■ YOUR ASSIGNMENT ■
Reproduce word for word the line holding "فئة (10) ريال: ستاد" and all lines after it in the data, through the end, leaving out pictures.
=== Begin Enclosure ===
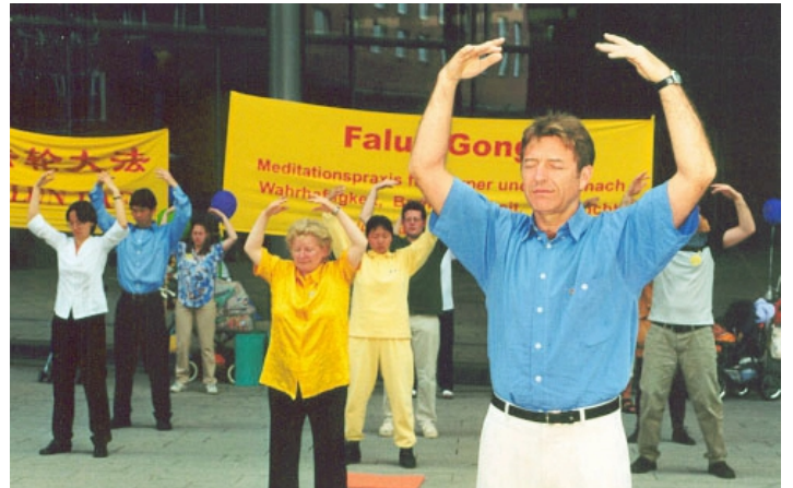
■ 德国法轮功学员在集体炼功（摄于2001年5月）

含佛家和道家的元素。法轮功修炼者努力让自己的行为符合“真、善、忍”，并且通过炼功达到健康。在中国，这个功法正在被残酷迫害，当局认为那是另一种世界观，对共产主义（假、恶、斗的世界观）是一种威胁。◇
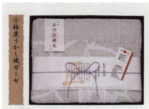
※紀州南高梅炭を練りこんだ 消臭性のあるガーゼケット

洗えるからいつも清潔。3層ガーゼケットは、洗濯にも強く 洗えば洗うほどガーゼ本来の 柔らかさが生まれ ふわふわした綿の柔らかさが出るので、 デリケートなお肌にも快適 です。 この綿状の特殊な糸は脱水性に優れているため、天気の良い日であれば天日で半日程 度で乾きます。
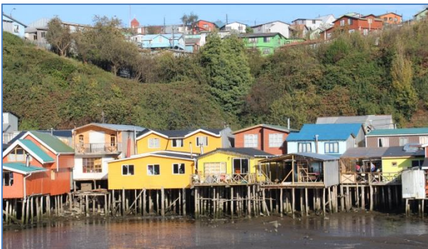
Några av de populära husen ”palafitos” i Castro

prövade också på den lokala rätten ”curanto” som består av musslor, räkor, fisk, kött, kyckling och potatis. En lite märklig anrättning som enligt gammal tradition skall tillagas i jorden på samma sätt som man tillagar mat i Polynesien.
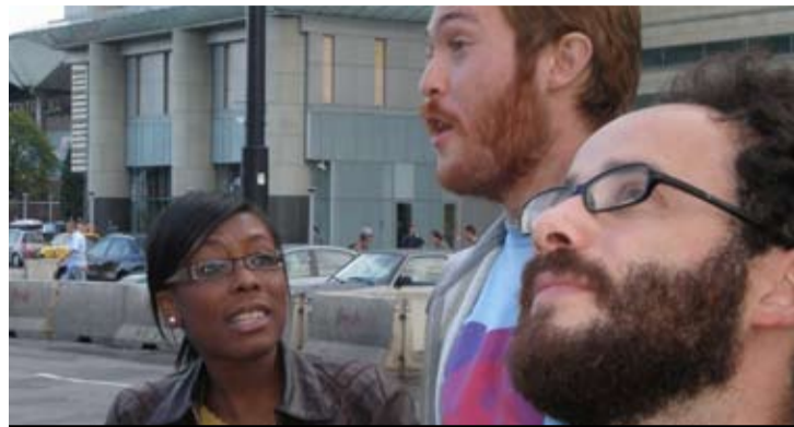
Wyjątkowe studia w wyjątkowych miejscach – oto oferta Erasmusa Mundusa

nych mogą opisać swoje doświadczenia w specjalnym formularzu dostępnym na stronie www.prime.esn.org/content/questionnaires . Opinie zbierane będą do końca kwietnia 2011 r. Projekt PRIME wspiera Komisja Europejska.
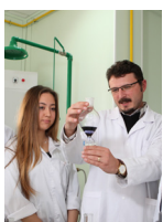
DAÜ Giriş ve Burs Sınavı 2 Haziran'da Yapılıyor
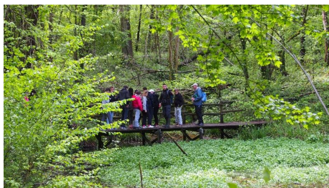
Collège Madeleine Renaud à l'ENS des Bordes Challonges (2019)

Visite gratuite sur demande pour les collèges publics seine-et-marnais, en fonction des disponibilités. Contact : lda77@departement77.fr , 01 64 14 76 56
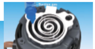
構造解説用3Dアニメーション
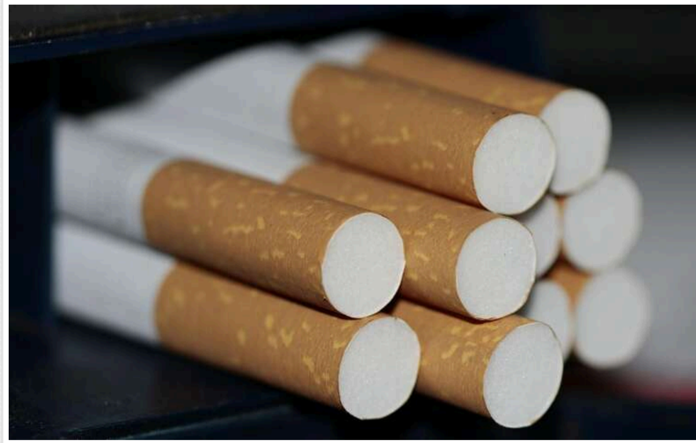
Ціна 1 пачки шгарок може зрости в середньому ще на 8 гривень

До кінця 2024 року пачка сигарет коштуватиме в середньому на 8 гривень більше, а у 2025 році ціна збільшиться ще на 10 гривень. Причина – підвищення акцизу, яке відбувається вже сьомий рік поспіль.
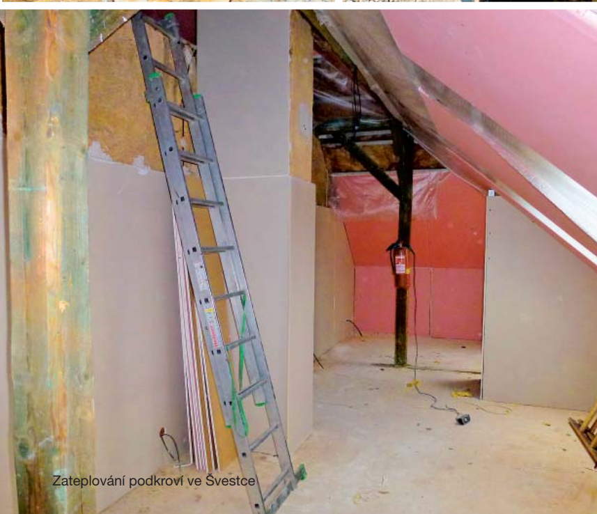
Zateplování podkrovní ve Švestce
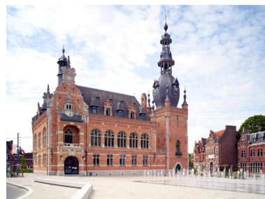
Vue générale depuis la Grand'Place, à l'est.
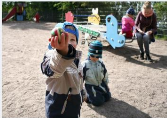
→ Ordnanande av småbarnspedagogik från och med 1.1.2021
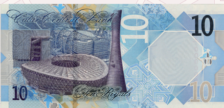
فئة (10) ريال: ستاد لوسيل وبرج الشعلة (أسيبر زون) وسدرة للطب والمدينة التعليمية (مؤسسة قطر).
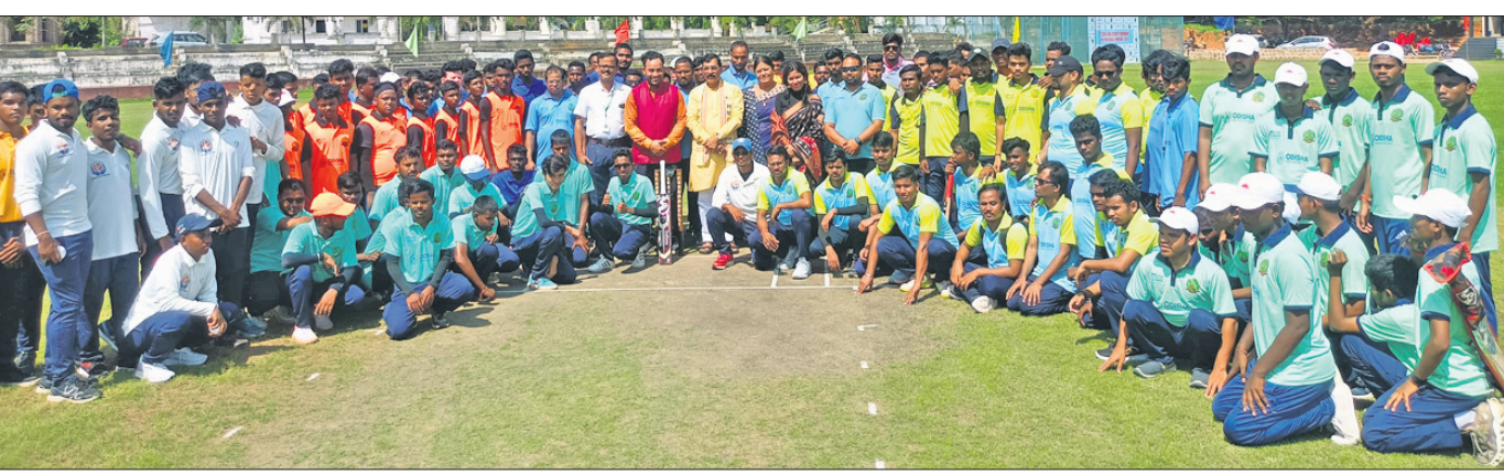
ରାଜ୍ୟସ୍ତରୀୟ ଦୃଷ୍ଟିବାଧୂତ କ୍ରିକେଟ ଚୁନାମେଣ୍ଟର ଉଦ୍‌ଘାଟନୀ ଅବସରରେ ଅତିଥିଙ୍କ ସହ ଅଂଶଗ୍ରହଣକାରୀ ଦଳର ଖେଳାଳିମାନେ ।
=== End Enclosure ===
■ RESULT OF THIS TASK ■
فئة (10) ريال: ستاد لوسيل وبرج الشعلة (أسيبر زون) وسدرة للطب والمدينة التعليمية (مؤسسة قطر).
ରାଜ୍ୟସ୍ତରୀୟ ଦୃଷ୍ଟିବାଧୂତ କ୍ରିକେଟ ଚୁନାମେଣ୍ଟର ଉଦ୍‌ଘାଟନୀ ଅବସରରେ ଅତିଥିଙ୍କ ସହ ଅଂଶଗ୍ରହଣକାରୀ ଦଳର ଖେଳାଳିମାନେ ।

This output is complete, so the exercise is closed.